Amyotrophic Lateral Sclerosis (ALS) was first 
described by Charcot in 1874 [1]. The cause of 
ALS/Lou Gehrig disease is not completely known and 
considered as spontaneously arise [2]. In ALS, upper 
motor neurons and lower motor neurons degenerate 
and die (motor neurons link between the brain and 
voluntary muscles) [3]. ALS affects the nerve cells in 
the brain and spinal cord. The brain lost the ability to 
initiate and control the movement of muscles [4]. The 
gradual decline in strength leads to paralysis of more 
and more muscles leads to death. The genetic cause of 
ALS includes mutation in C9ORF72, FUS, SODI, 
VCP and TDP-43 [5]. Most of the cases for ALS are 
sporadic and about 25% of people were suffering for 
ALS due to family history [6]. The sporadic ALS are 
usually to the patients between the age of 55-65 years 
old and only 5% patients are <30 years old. Males and 
females are equally affected by ALS. Juvenile ALS 
(JALS) is a term used for patients below the age of 25 
years [7]. 

Most of the time ALS is autosomal recessive while 
dominant inheritance linked with chromosome 9 [8]. 

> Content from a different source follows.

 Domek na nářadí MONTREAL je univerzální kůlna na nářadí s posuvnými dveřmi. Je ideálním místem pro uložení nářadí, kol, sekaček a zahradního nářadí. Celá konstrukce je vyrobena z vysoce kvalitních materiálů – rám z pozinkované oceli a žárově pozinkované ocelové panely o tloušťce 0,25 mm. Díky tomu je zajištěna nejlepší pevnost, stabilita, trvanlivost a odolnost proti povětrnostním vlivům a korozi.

ALS is a motor neuron disease characterized by 
muscle twitching [9], muscle stiffness and muscle 
weakness due to a decrease in muscle size. In most 
cases, patient lose the ability to speak, walk, breathe, 
swallow and hand movement [10, 11]. Some patients 
face difficulties in thinking and behavioral acts [12]. 

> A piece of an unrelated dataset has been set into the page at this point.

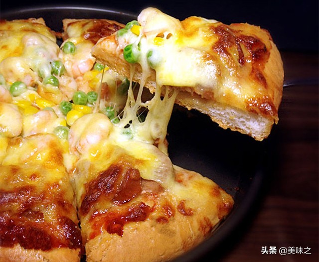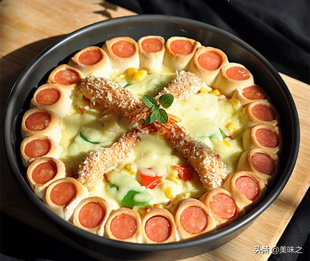 高筋面粉100克、低筋面粉50克、温水90ml、酵母3克、盐1∕4小勺、糖1小勺、黄油15克、猪肉肠1根、鲜虾适量、玉米粒适量、豌豆适量、马苏里拉奶酪160克、亨氏番茄酱适量。

ALS has no cure yet however early diagnoses may 
help to treat and keep the muscle control little longer 
[13]. The death of ALS patient cause within 3 to 4 
years due to respiratory failure [14]. ALS is related to 
parkinsonism and dementia [15]. There is no specific 
cure of ALS, moreover Riluzole have considerable 
relax to the patients [16]. Another drug approved by 
FDA for ALS is Edaravone [17]. 

C9ORF72 is localized on chromosome 9 [18]. 
Augmentation of GGGGCC hexanucleotide repeat 
extensively present in C9ORF72 considered as the 
common cause of ALS [19]. A repetition of 
hexanucleotides is considered as the genetic cause of 
almost 10% patients [20]. Guanine nucleotide 
exchange CIORF72 is encoded by C9ORF72 [21]. 
The structure of C9ORF72 is not known yet. 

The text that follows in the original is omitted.